The free dropbox accounts will have the space limitation of 2GB. Dropbox is rolling out a premium plan of 50GB for $9.99/month, or $99.99/year. Files transferred to Dropbox via the client application have no limit to file size. However, maximum size of 350MB is set for files transferred through the web interface. Dropbox sorts files by size before syncing. Dropbox syncs only files which are added new. Before transfer, dropbox compares the new file to the previous version and only send the (binary) diff.
All your files are backed up and all prior versions are preserved. So if you delete something or even just save a bad change you can restore a file in a few clicks via the web interface.

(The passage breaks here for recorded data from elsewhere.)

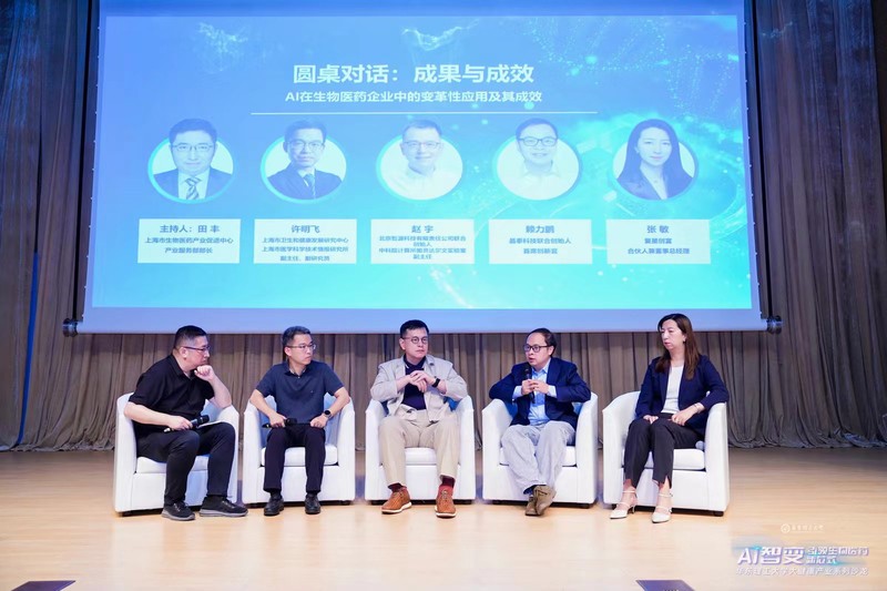 在成果与成效环节中,一场圆桌讨论聚焦了AI技术在生物医药领域的实际成效及未来前景。上海市生物医药产业促进中心产业服务部部长田丰担任圆桌主持,引领了一场关于AI技术在生物医药领域的深刻对话。上海市卫生和健康发展研究中心(上海市医学科学技术情报研究所)副主任许明飞,北京哲源科技有限责任公司联合创始人、中科院计算所图灵达尔文实验室副主任赵宇,晶泰科技联合创始人、首席创新官赖力鹏,复星创富合伙人兼董事总经理张敏,深入探讨了AI技术在生物医药领域的实际成效和未来前景。专家们一致认为,AI技术的集成和应用不仅加速了新药研发进程,提高了医疗服务质量,也为生物医药产业的持续创新和转型提供了强大动力。
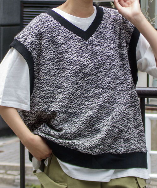 トレンドのニットベストが22SSついに登場! ■DESIGN 昨年よりトレンドだったニットベストが春夏仕様として登場! 身幅を広くとり肩の落ちるドロップショルダーに、着丈はすっきりさせることで気分なボックスシルエットに仕上がっております。 リブの配色もデザインのアクセントに。 ■FABRIC 春夏シーズンにぴったりなさらっとした肌触りの質感です。 ブルーとグリーンはハニカム調の素材を用い、ざっくりした格子柄が特徴。 ブラックは霜降りサマーツイード素材を採用し、ミックス調のシックで大人な表情です。 ■COORDINATE ロンTやシャツとの合わせが春先はおすすめですが、幅広のサイズ感に負けないビッグシルエットのものが相性◎ シンプルなカットソーに合わせるだけでこなれたレイヤードスタイルが作れます。 ボトムスもゆとりを持たせたワイドなタイプがバランスよくまとまります。 【GLOSTER/グロスター】 『男性であること、女性であること、日本人であること、人間であること。』 自由に生きる為に必要な洋服であり、着る人を主体と考えたプロダクトを提案します。 普遍的な洋服の礎であるワーク・ミリタリーをベースにエッセンスとして艶を加えて形にします。 洋服の原型を生かしながらもひねりの効いた素材を使い、ディテールは歴史の焼き増しではなく新たな価値観を創造します。 ※お取扱い上のご注意 アテンションタグを必ずご確認の上、着用又はお取り扱いください。 ※店頭及び屋外での撮影画像は、光の当たり具合で色味が違って見える場合があります。 ※商品画像に関しては出来る限り忠実に表示出来るよう努めておりますが、お客様がご利用のモニターの設定及び特性により、実際の商品と比較し色味に若干の誤差が生じる場合があります。 ◇商品のお気に入り登録◇ 【お気に入りに登録】を是非ご活用ください。 再入荷の通知や、ラスト1点の通知、セールの通知がいち早く届きます。 ◇ブランドのお気に入り登録◇ 新商品や再入荷など、いち早くブランドのお得情報が届きます。
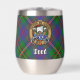 Clan Wood badge crête entouré d'une courroie et boucle sur l'arrière - plan tartan. Texte personnalisé des deux côtés.
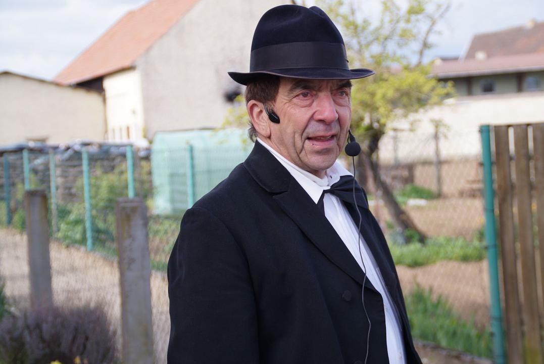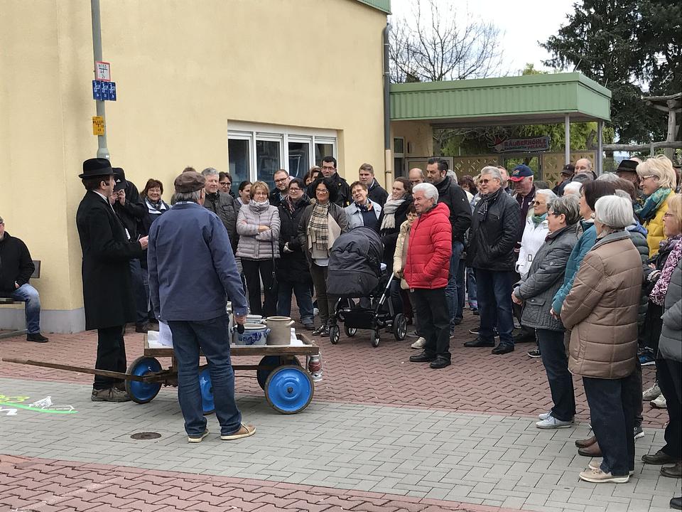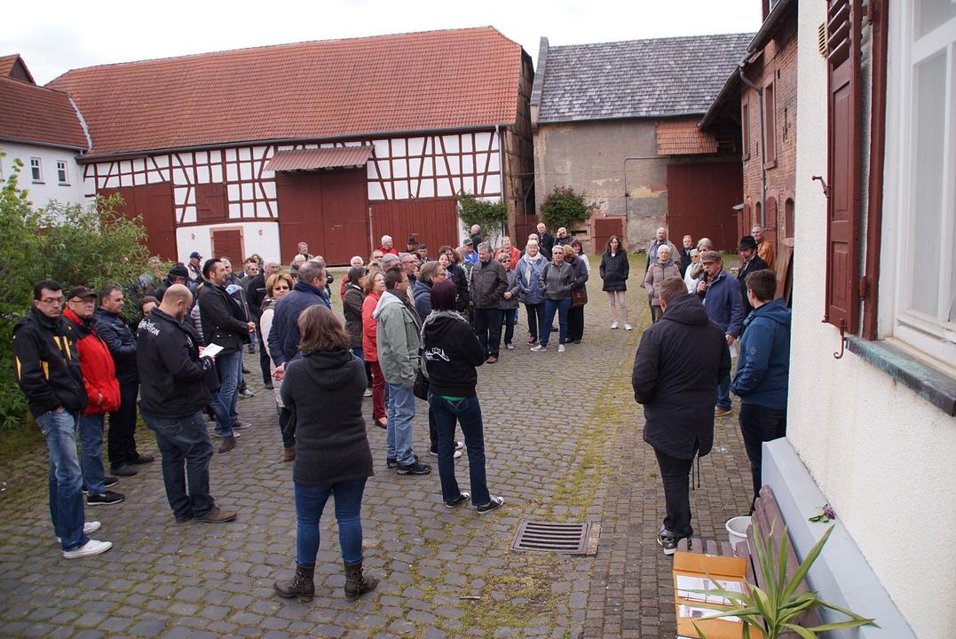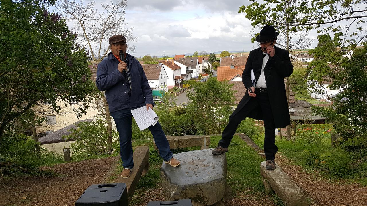 In den Rollen der historischen Berichterstatter bei den Dorfrundgängen, die aus ihrem eigenen „ale Dibbe“ erzählen wollten, sollten Hermann Schleuning und Volker Zorn auftreten. Die beiden legte zwei Rundgänge an 11 besonderen Stationen fest. In einer Mischung aus eigenen Erlebnissen ihrer Kinder- und Jugendzeit und historischen Fakten erarbeiteten Hermann Schleuning und Volker Zorn witzige und spannende Dialoge, die sie im örtlichen Dialekt vortrugen. Leider musste H. Schleuning wegen eines familiären Trauerfalls kurzfristig absagen. Der 1.Vorsitzende Karl-Ernst Kunkel sprang ein und meisterte diese Rolle, gemeinsam mit Volker Zorn, mit Bravour! Hier gilt Hermann Schleuning noch ein besonderer Dank, da er sein fertiges Konzept zur Verfügung stellte!
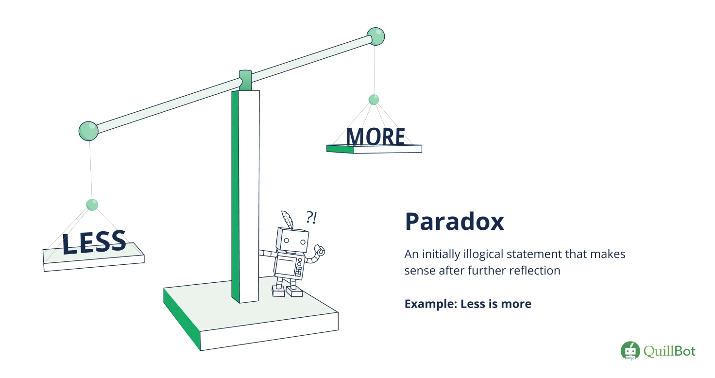 A paradox is a literary device in which a deeper truth is masked as a seemingly illogical proposition, like “less is more.” Writers use paradoxical statements because they invite the reader to think about the deeper meaning of a phrase and highlight the complexities of life.
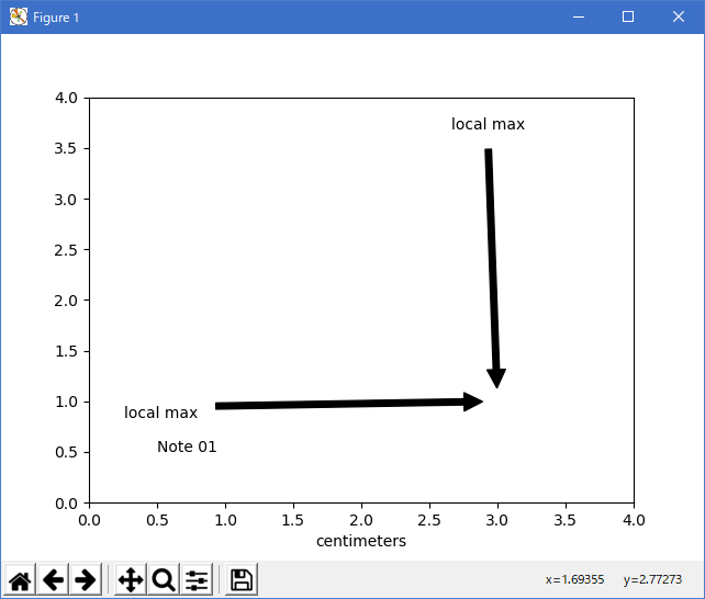 ax.annotate('local max', xy=(3*cm, 1*cm), xycoords='data',
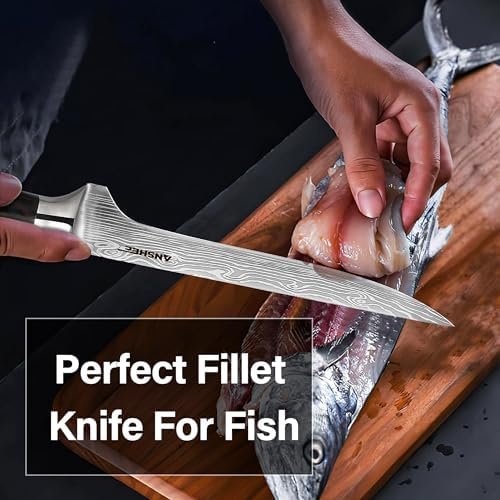 Sharp Edges: The blade of fish knife has been honed with 15-degree cut, demonstrating minimal slicing resistance and exceptional performance. This versatile trimming knife with water ripple is an economical tool suitable for skinning and boning meat with its flexible blade, providing the most comfortable cooking experience.

When renaming a file in dropbox, dropbox considers it to be deleting the old file nad creating the new one. Your old file revisions will only be available in the Deleted Files section on the web interface.
The Dropbox client software silently updates itself as soon as an update is available.
Windows Live FolderShare & Sky Drive
Microsoft had released the beta version of Windows Live FolderShare. This helps keep files and folders across multiple computers (PC or Mac) that is connected to the Internet in sync with each other. The maximum size of individual files should not exceed 2 GB, and you can keep any number of files synced any time. In order for thsi to work, the client must be installed on every computer and connected to Internet for syncing. There is no online storage or backup for this service.
Windows Live SkyDrive stores your files online up to 5GB via the web browser. It is available from any computer with Internet access and a browser. You can create personal, shared, and public folders, rename them, or change who has access.
Dropbox is a combination of the FolderShare and Sky Drive features. If the FolderShare use the SkyDrive storage space as the online backup, this would perform great.